Search papers, labs, and topics across Lattice.
The paper introduces HyM3S, a novel hyperspectral image (HSI) classification model that integrates multiscale spatial-spectral convolutions with the Mamba state-space model to capture fine-grained spectral-spatial information while maintaining linear computational complexity. HyM3S extracts multiscale spatial and spectral features, reinforces salient channels with attention, and fuses features adaptively before feeding them into the Mamba module for long-range dependency modeling. Experiments on four benchmark HSI datasets (PaviaU, Houston2013, WHU–Hi–HanChuan, and WHU–Hi–HongHu) demonstrate that HyM3S achieves superior classification accuracy and noise suppression compared to existing methods.
By fusing multiscale spatial-spectral convolutions with Mamba, HyM3S achieves state-of-the-art hyperspectral image classification while maintaining linear computational complexity, overcoming limitations of traditional Transformers.
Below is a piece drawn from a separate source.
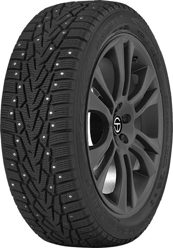 Features include: Designed for use on coupes, sedans, and minivans in winter weather conditions; should not be used when temperatures are consistently above 45 degrees Fahrenheit; Winter tread design; Three Peak Mountain Snowflake certified; Black sidewall; Pinned with studs for extra traction in severe winter weather; Pinned with studs to enhance traction on ice, slush, and snow covered roads; Aggressive, directional tread pattern enhances traction and handling performance; Three Peak Mountain Snowflake symbol means this tire is certified to perform in severe snow conditions; Eco-friendly rubber compound keeps the tire flexible for use in subfreezing temperatures – 155/80R13 79T Nokian Nordman 7 Studded Passenger Winter Tires, part number TS32169 | Nokian Nordman 7 Studded Winter Tires in Blackwall, 155/80R13 79T | SimpleTire

Transformer models have been widely adopted for hyperspectral image (HSI) classification due to their exceptional long-sequence modeling capabilities. However, the self-attention mechanism in Transformers incurs quadratic computational complexity, posing challenges in both speed and memory consumption. Recently, a novel state-space model—the Mamba model—has emerged, overcoming the quadratic complexity of self-attention by achieving linear computational complexity while retaining powerful long-sequence modeling. Yet, the original Mamba design does not account for the unique spectral–spatial characteristics of HSI data, making it difficult to capture multiscale features. This limitation can lead to the loss of critical spectral–spatial cues at fine targets and complex boundaries, resulting in increased classification noise, blurred boundary segmentation, and reduced overall accuracy. To address the loss of fine–grained spectral–spatial information in HSI, we propose HyM3S: a hyperspectral multiscale spatial–spectral sequence model that integrates multiscale spatial–spectral convolutions with Mamba’s linear sequence modeling.HyM3S first extracts multiscale spatial and spectral features in parallel along horizontal and vertical branches, and reinforces salient channels via channel–wise attention. Features are then adaptively fused across modality and directional dimensions to form a unified joint representation. Finally, this representation is fed into the Mamba module for long–range dependency modeling under linear complexity, thereby significantly improving classification accuracy and suppressing noise. Experiments on four benchmark HSI datasets—Pavia University (PaviaU), Houston2013, WHU–Hi–HanChuan, and WHU–Hi–HongHu—demonstrate the clear superiority of the proposed HyM3S model for HSI classification.